The doctrine and rules of state immunity concern the protection which a state is given from being sued in the courts of other states. The rules relate to legal proceedings in the courts of another state, not in a state's own courts. The rules developed at a time when it was thought to be an infringement of a state's sovereignty to bring proceedings against it or its officials in a foreign country.

There is now a trend in various states towards substantial exceptions to the rule of immunity; in particular, a state can be sued when the dispute arises from a commercial transaction entered into by a state or some other "non-sovereign activity" of a state. The United Nations Convention on Jurisdictional Immunities of States and their Property, which as of 2024 is not yet in force, would re-formulate and harmonise the rules and their exceptions. It does not cover criminal proceedings and it does not allow civil (e.g. financial) actions for human rights abuses against state agents where the abuse has occurred in another country.

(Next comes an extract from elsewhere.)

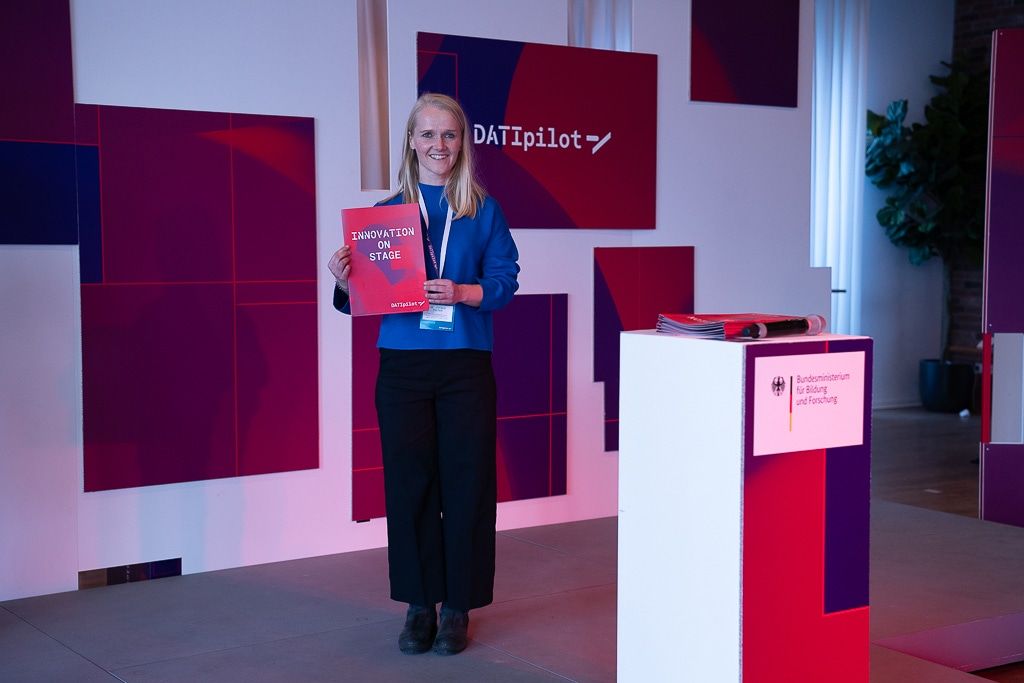 Siegerin des Teilnehmendenvotings Dr. Stefanie Pietsch beim Pitch-Wettbewerb im Rahmen des BMBF-Förderprogramms DATIpilot.

In 1938, Lord Atkin observed in the House of Lords, the highest court at the time in the United Kingdom, the following:

The courts of a country will not impede a foreign sovereign, that is, they will not by their process make him against his will a party to legal proceedings whether the proceedings involve process against his person or seek to recover from him specific property or damages.

The rule's wider implication is that a state and any sovereign, unless it chooses to waive its immunity, is immune to the jurisdiction of foreign courts and the enforcement of court orders. So jealously guarded is the law, traditionally the assertion of any such jurisdiction is considered impossible without the foreign power's consent.

==Arguments for and against exceptions==
Some commentators argue states should not be immune to cases relating to serious human rights abuses. They argue that fundamental human rights such as the right to life and the prohibition against torture should take precedence over rules of state immunity (in technical terms, they constitute norms of jus cogens). Others point out that state immunity should be the exception that warrants proper justification, without which all states should be subject to liability.

Opponents of this type of exception point out that civil actions brought by disgruntled individuals in one country against another state can have grave political and economic repercussions for both states; and civil proceedings can raise difficult issues of enforcement and extraterritorial jurisdiction. They argue a sovereign immunity exception should be made in each country's domestic law, so that country's definition of abuse, standard of proof, and rules of evidence apply.

==In practice==
Under customary international law, countries are normally immune from legal proceedings in another state.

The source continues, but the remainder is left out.